| Directions for this task |
Transcribe each entry below exactly. Pictures do not go in the copy.

-*-

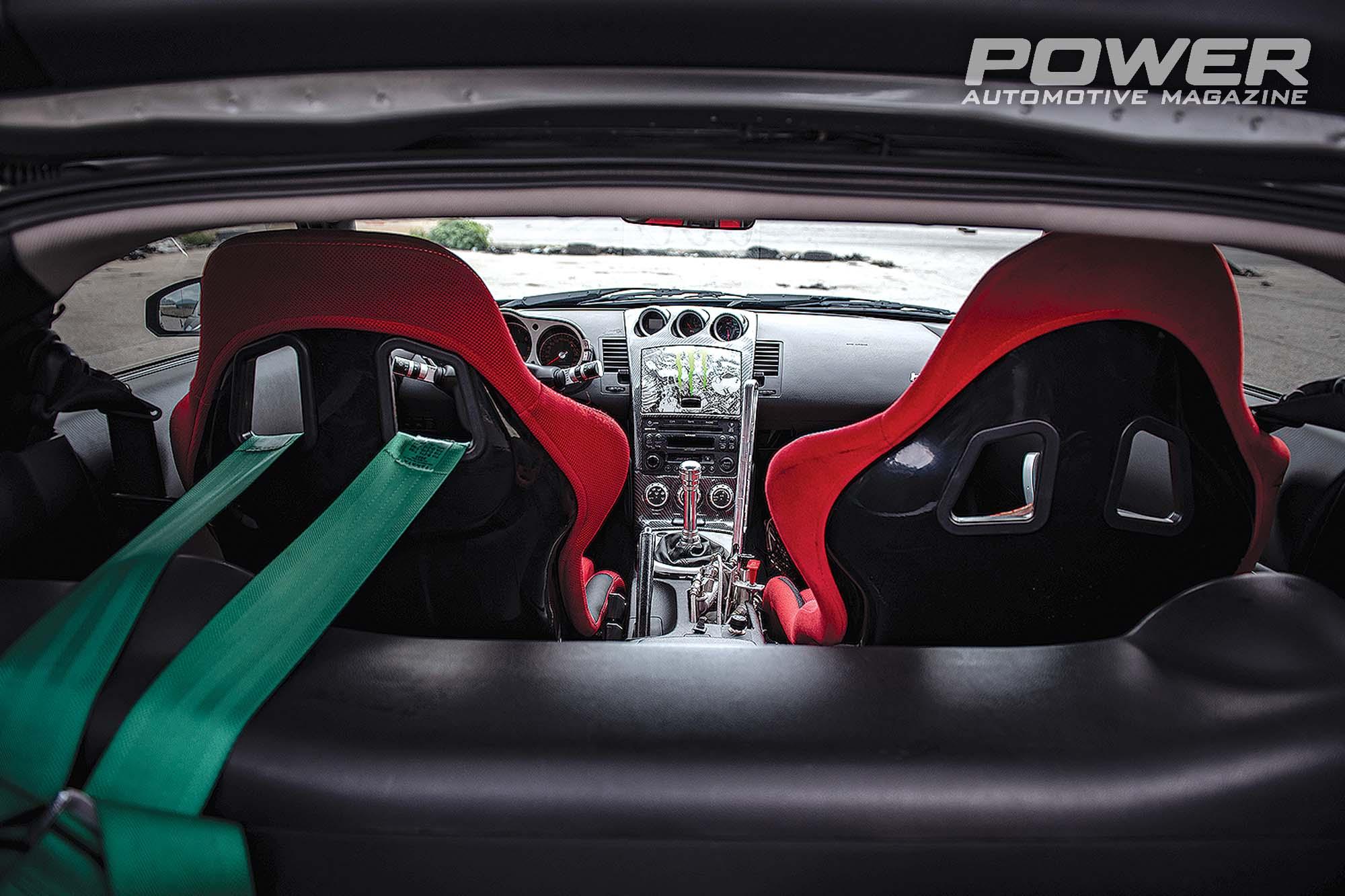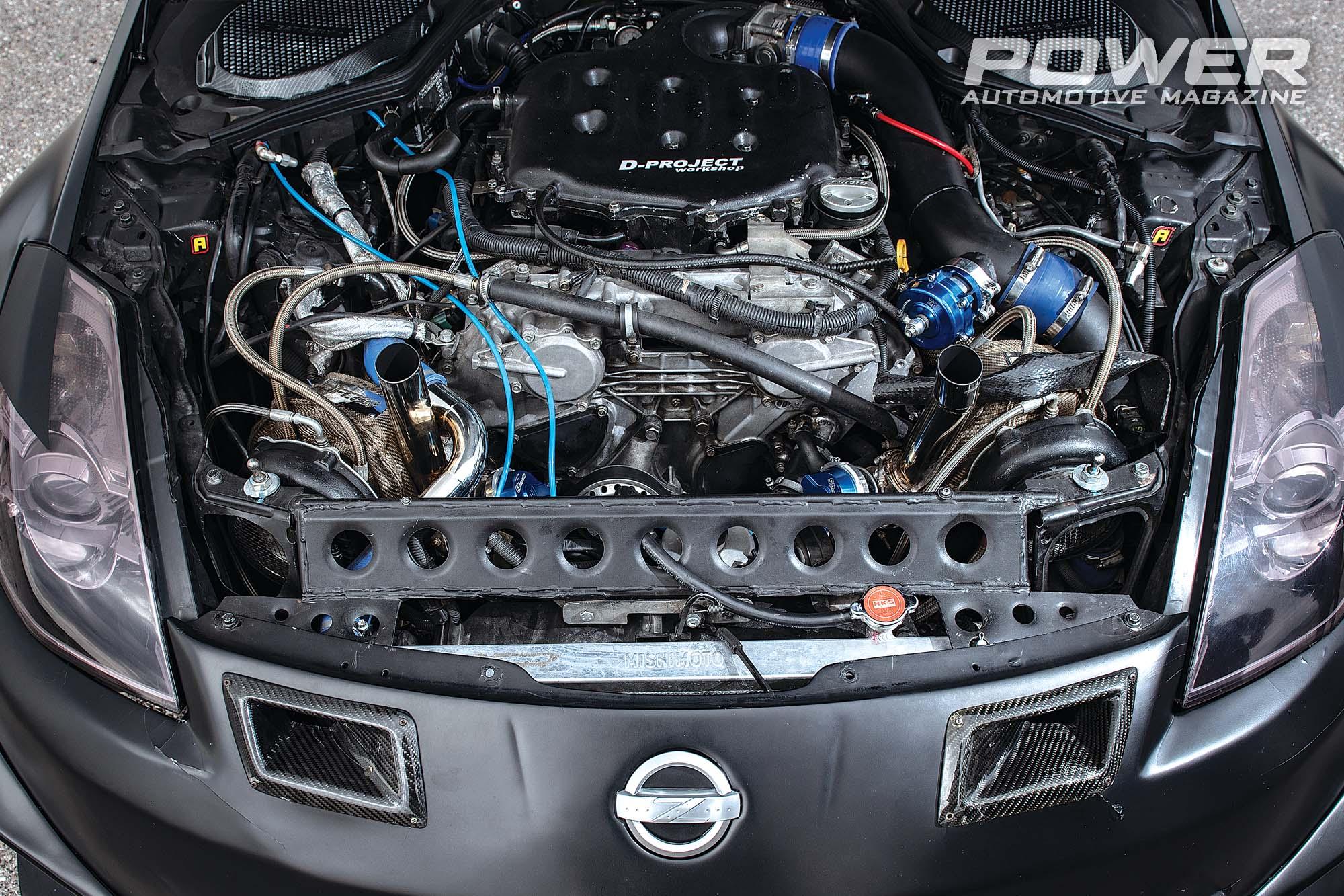 Όταν έχεις σκοπό να δημιουργήσεις ένα αυτοκίνητο που θα του κάνεις πολύ σκληρή χρήση και δεν θέλεις να έχεις συνεχώς ζημιές και προβλήματα ξέρεις ότι κάποια πράγματα πρέπει να τα πληρώσεις από την αρχή αδρά. Εδώ που τα λέμε... τι είναι καλύτερο, να σου κοστίσει ένα μοτέρ από την αρχή τα διπλά ή να σπάσεις άλλο ένα μέχρι να βάλεις μυαλό; Μάλλον το πρώτο. Έτσι το VQ35DE της Nissan κατέβηκε και λύθηκε εντελώς, για να θωρακιστεί και να χτιστεί από την αρχή σωστά. Τα τοιχώματα των κυλίνδρων έχουν ενισχυθεί με ατσάλινα χιτώνια της Darton, με ελαφρώς oversize (κατά 0,5mm) custom order σφυρήλατα έμβολα της Wossner (96mm) και ανάλογες heavy duty μπιέλες I-beam της ZRP.
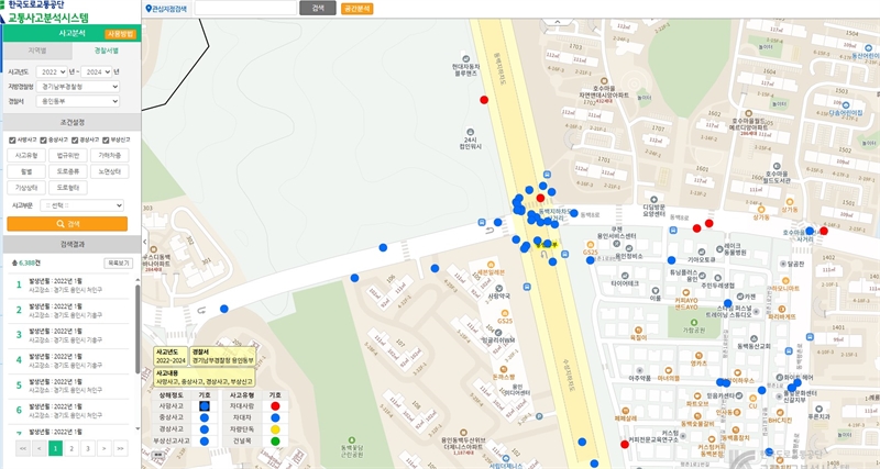 동백지하차도사거리 한국도로교통공단 교통사고분석시스템 [사진=용인시의회]
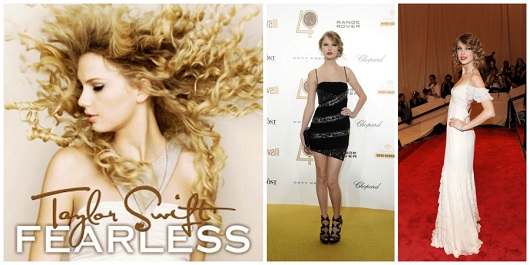 穿搭重點:優雅低領口,亮片條紋,鬆散捲髮2008年11月的第二張專輯《Fearless》,泰勒絲宣示自己長大了。這時期的她更漂亮,雪紡禮服或者亮片禮服顯示著她很了解自己的身材優勢。這時候的髮型較為鬆散,她常常以浪漫的小髮髻作為髮型重點。服裝多半少了過多的裝飾,乾淨的肩線和盤起的高髮髻展現她優雅的曲線,迅速讓自己成為鎂光燈焦點。
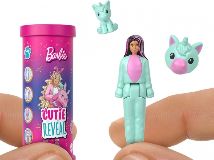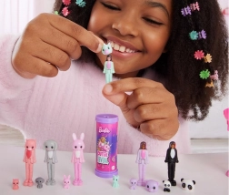 Mini păpușile BARBIE Cutie Reveal aduc bucuria dezvăluirii – ridică gluga costumului de animal și descoperă chipul unic, părul și stilul. Fiecare figură are talie mobilă și poate fi expusă pe un suport în formă de inimă. Include și un mini animăluț, cu care copiii își pot imagina ușor propriile povești.
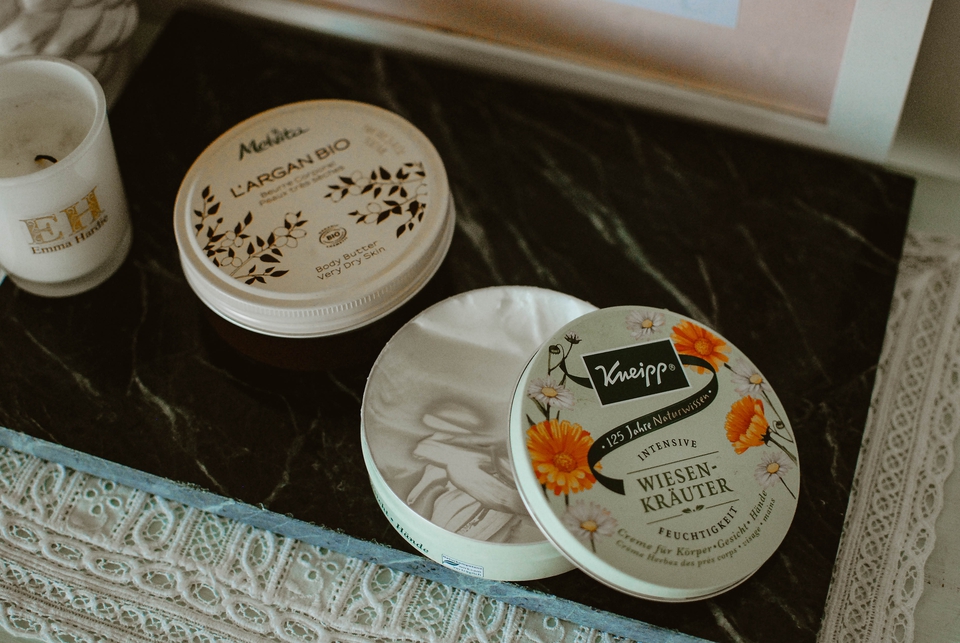 Depois, duas latinhas muito fofas, tipo as da nivea, que albergam um creme menos espesso, é verdade, mas ainda assim, competente. Falamos da L'Argan Bio Body Butter da Melvita a qual, na verdade é uma manteiga de corpo mas que, pelo tamanho, a reservei apenas para mãos e pés. Tem glicerina, óleo de semente de girassol e manteiga de karité, e achei-o bem janota para usar à noite. A outra é da Kneip, uma marca que vale a pena conhecer se gostam de elevar o vosso banho a um nível mais luxuoso, já que tem imensas opções de sais, geles e espumas de banho. Divinas. Deste creme em particular, já não o encontro online para deixar aqui o link.

-*-

| Reply to the exercise |
 Όταν έχεις σκοπό να δημιουργήσεις ένα αυτοκίνητο που θα του κάνεις πολύ σκληρή χρήση και δεν θέλεις να έχεις συνεχώς ζημιές και προβλήματα ξέρεις ότι κάποια πράγματα πρέπει να τα πληρώσεις από την αρχή αδρά. Εδώ που τα λέμε... τι είναι καλύτερο, να σου κοστίσει ένα μοτέρ από την αρχή τα διπλά ή να σπάσεις άλλο ένα μέχρι να βάλεις μυαλό; Μάλλον το πρώτο. Έτσι το VQ35DE της Nissan κατέβηκε και λύθηκε εντελώς, για να θωρακιστεί και να χτιστεί από την αρχή σωστά. Τα τοιχώματα των κυλίνδρων έχουν ενισχυθεί με ατσάλινα χιτώνια της Darton, με ελαφρώς oversize (κατά 0,5mm) custom order σφυρήλατα έμβολα της Wossner (96mm) και ανάλογες heavy duty μπιέλες I-beam της ZRP.
 동백지하차도사거리 한국도로교통공단 교통사고분석시스템 [사진=용인시의회]
 穿搭重點:優雅低領口,亮片條紋,鬆散捲髮2008年11月的第二張專輯《Fearless》,泰勒絲宣示自己長大了。這時期的她更漂亮,雪紡禮服或者亮片禮服顯示著她很了解自己的身材優勢。這時候的髮型較為鬆散,她常常以浪漫的小髮髻作為髮型重點。服裝多半少了過多的裝飾,乾淨的肩線和盤起的高髮髻展現她優雅的曲線,迅速讓自己成為鎂光燈焦點。
 Mini păpușile BARBIE Cutie Reveal aduc bucuria dezvăluirii – ridică gluga costumului de animal și descoperă chipul unic, părul și stilul. Fiecare figură are talie mobilă și poate fi expusă pe un suport în formă de inimă. Include și un mini animăluț, cu care copiii își pot imagina ușor propriile povești.
 Depois, duas latinhas muito fofas, tipo as da nivea, que albergam um creme menos espesso, é verdade, mas ainda assim, competente. Falamos da L'Argan Bio Body Butter da Melvita a qual, na verdade é uma manteiga de corpo mas que, pelo tamanho, a reservei apenas para mãos e pés. Tem glicerina, óleo de semente de girassol e manteiga de karité, e achei-o bem janota para usar à noite. A outra é da Kneip, uma marca que vale a pena conhecer se gostam de elevar o vosso banho a um nível mais luxuoso, já que tem imensas opções de sais, geles e espumas de banho. Divinas. Deste creme em particular, já não o encontro online para deixar aqui o link.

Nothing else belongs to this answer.